State stands to gain millions in trans-Alaska pipeline settlement
The State of Alaska is moving to settle a legal dispute involving the transport costs oil companies pay to pump petroleum through the trans-Alaska pipeline, a step officials say would immediately take in hundreds of millions of dollars and bolster the tax value of North Slope crude.
The proposed settlement, announced Thursday by the state Department of Law, involves more than 20 cases regarding tariffs for transporting oil charged by pipeline operator Alyeska Pipeline Service Co. between 2009 and 2015. Because tariffs are deducted from the taxable value of oil, higher tariff rates mean less money flowing into the state’s coffers.

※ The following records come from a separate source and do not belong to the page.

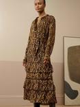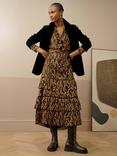 Brora Leaf Print Frill Collar Dress, Jay/Emerald
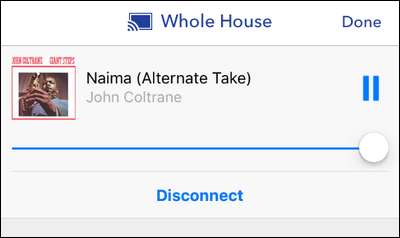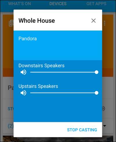 אם תפעיל אפליקציה עם יכולות ליהוק, כמו אפליקציית פנדורה הנ"ל, תראה את "כל הבית" (או כל מה שקראת לקבוצת הרמקולים שלך), כפי שנראה למטה.
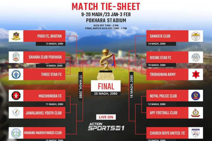 साविक विजेता संकटा क्लब, भुटानको पारो फुटबल क्लब, मनाङ मस्र्याङ्दी क्लब र लिग विजेता चर्च ब्वाइज युनाइटेड क्लबले भने सिधै क्वार्टरफाइनलमा प्रवेश पाएका छन् । प्रतियोगिताको फाइनल खेल माघ २० गते हुनेछ ।
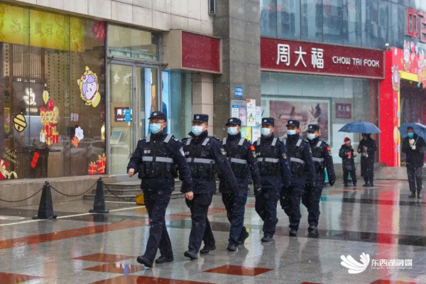 1月28日上午,东西湖区公安分局巡警大队在辖区重点商圈、场所开展训练,随时做好雨雪冰冻天气的应急处置工作。
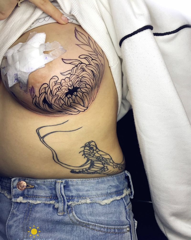 • 女性大花胸纹身_43张霸气漂亮的女性大花胸纹身图案作品
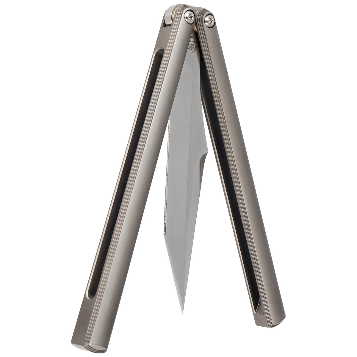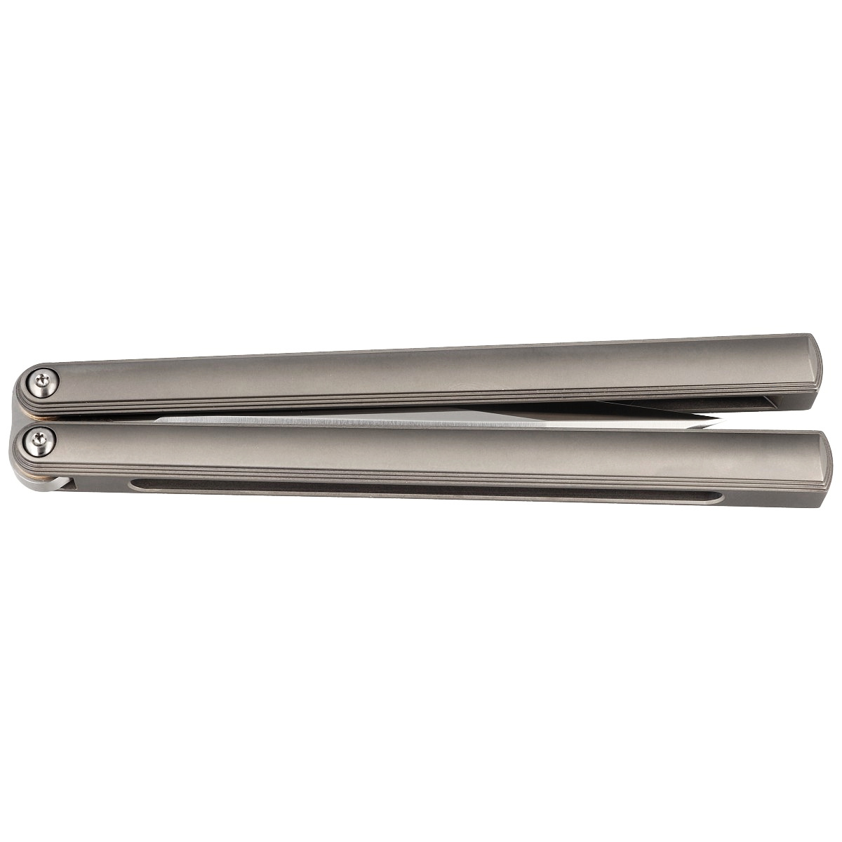 Handle - Bead Blasted titanium grips with a slightly rough texture. Chamfered edges of the covers eliminate sharp edges. Pivot axes set extremely close to each other due to the lack of stop pins. Such a solution allows for much smoother operation, making it easier to perform complex tricks. For the same reason, the designer dispensed with the bar that secures the arms in the open position, on the assumption that the main purpose of his balisong is to provide fun,
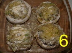 Sfumate con l’acqua, salate e pepate. Lasciate cuocere per 4-5 minuti e aggiungete l’orzo (4). Fate rapprendere il tutto e toglietelo dal fuoco per farlo raffreddare. Mettete su un piano le cappelle dei funghi con un filo d’olio e il sale (5). Riempite con il ripieno raffreddato e spolverizzate con il pan grattato (6), mettere in forno la pirofila con un filo d’olio e cuocete a 220° in forno statico per 8 minuti, poi passarli al grill fino a che si saranno colorati c.a. 5 minuti.
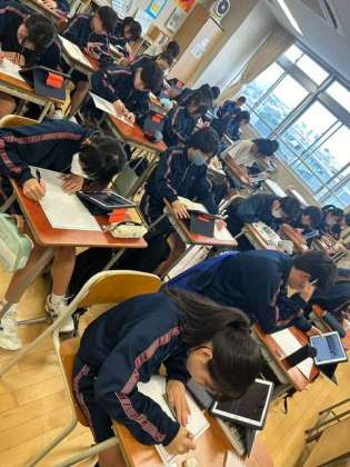 鎌倉事前学習が始まりました。どのクラスも静かに集中して取り組んでいました。
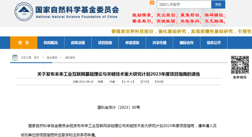 国家自然科学基金委员会现发布未来工业互联网基础理论与关键技术重大研究计划2023年度项目指南,请申请人及依托单位按项目指南所述要求和注意事项申请。

According to the state, the lawsuits hinged on whether APSC improperly incorporated more than $600 million in “strategic reconfiguration” costs of modernizing pipeline equipment into tariff rates. Another key question was whether the oil companies which own APSC – including the “Big Three” producers BP, ConocoPhillips and ExxonMobil – could recover previously paid property taxes on the pipeline in the future.
“As a result of litigating these questions, the state already collected approximately $224 million of additional revenue,” state officials wrote. “However, these matters were under review by two appellate courts. This settlement would bring those matters to a close.”

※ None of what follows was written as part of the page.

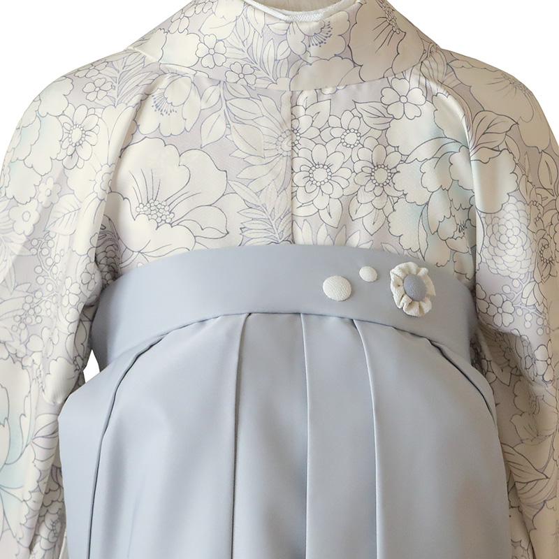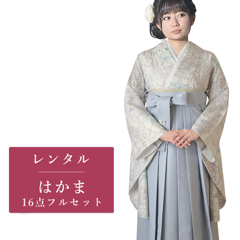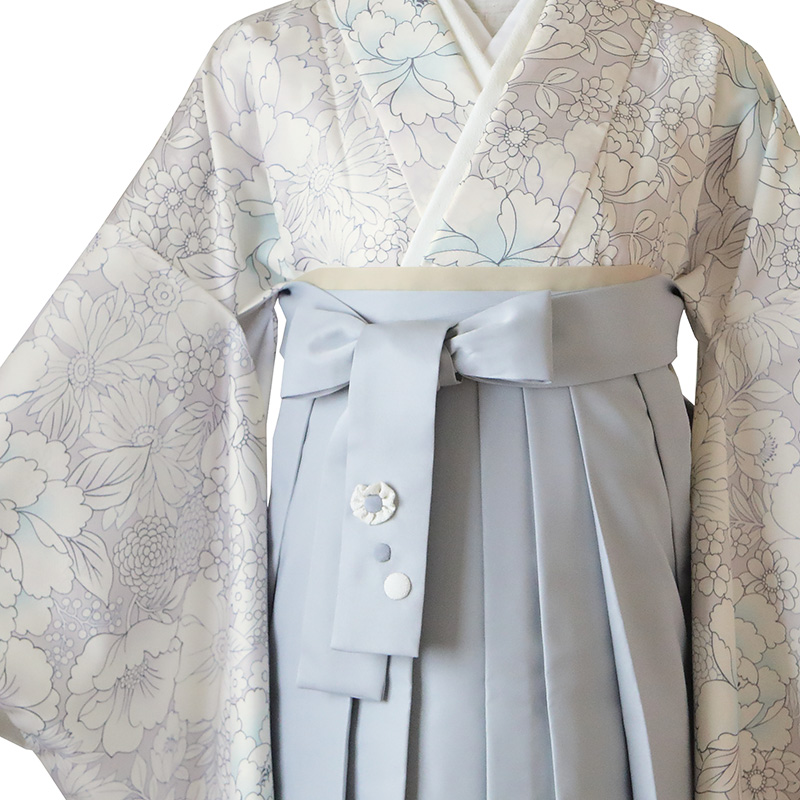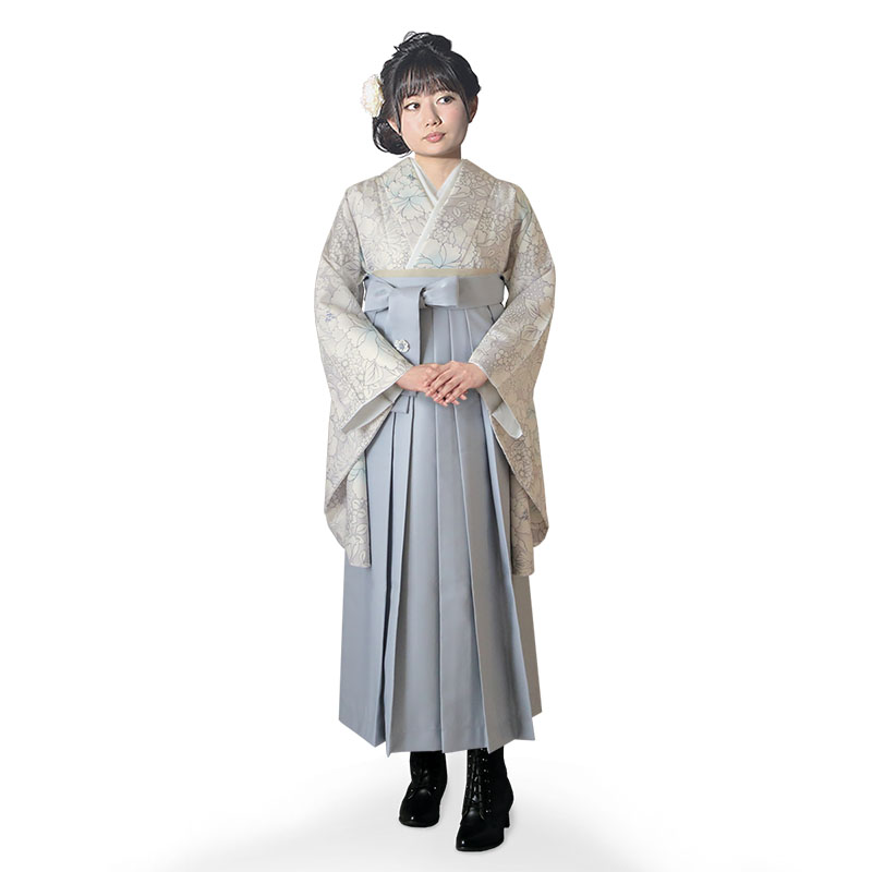 女の子の卒業式のお祝いにぴったりのレンタル着物と袴セットです。トレンド感のあるデザインでグレー花柄のお着物となります。
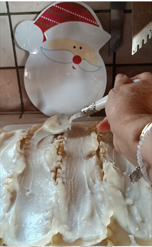 Cook the lasagna, drain them al dente, and let them dry on a dish towel. Now on each sheet, cover with a layer of béchamel.

Under the terms of the deal, the state will keep the $224 million already collected; APSC’s owners also promise never to recover the “strategic reconfiguration” costs through tariff rates. The settlement also includes a framework for determining future interstate tariff rates through 2021.
“This settlement is a great result for the state,” Alaska Attorney General Jahna Lindemuth said in Thursday’s statement. “It creates certainty going forward, avoids future litigation, and will provide additional taxes and royalties – bringing needed money to the state treasury.”

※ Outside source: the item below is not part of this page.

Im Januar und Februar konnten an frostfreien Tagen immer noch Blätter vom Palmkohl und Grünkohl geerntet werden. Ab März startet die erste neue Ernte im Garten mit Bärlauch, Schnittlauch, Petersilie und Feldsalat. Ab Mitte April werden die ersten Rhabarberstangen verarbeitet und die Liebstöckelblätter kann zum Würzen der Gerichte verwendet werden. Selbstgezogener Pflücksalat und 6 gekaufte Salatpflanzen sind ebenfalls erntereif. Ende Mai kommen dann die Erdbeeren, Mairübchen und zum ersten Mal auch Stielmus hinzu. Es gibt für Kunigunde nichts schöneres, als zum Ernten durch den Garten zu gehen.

Assistant Attorney General John Ptacin said that the cases, which have been litigated ever since 2009’s tariff rates were announced, entered settlement talks about two years ago. While the state receives stability on future tariff rates, the flexible framework of the 2021 agreement offers the pipeline owners the ability to fully recover justifiable costs associated with the pipeline.
“One of the things that was most important to them was entering what is called variable tariff methodology,” Ptacin said.
Those costs will be reviewed by the state, which counts excluding the “strategic reconfiguration” costs from tariff rates as a victory.
“The state will look at operating and capital costs to ensure that only just and reasonable rates get put into TAPS tariff costs,” Ptacin said. “That was a very key part of the settlement for the State of Alaska.”
APSC staff deferred a request for comment to the company’s owners.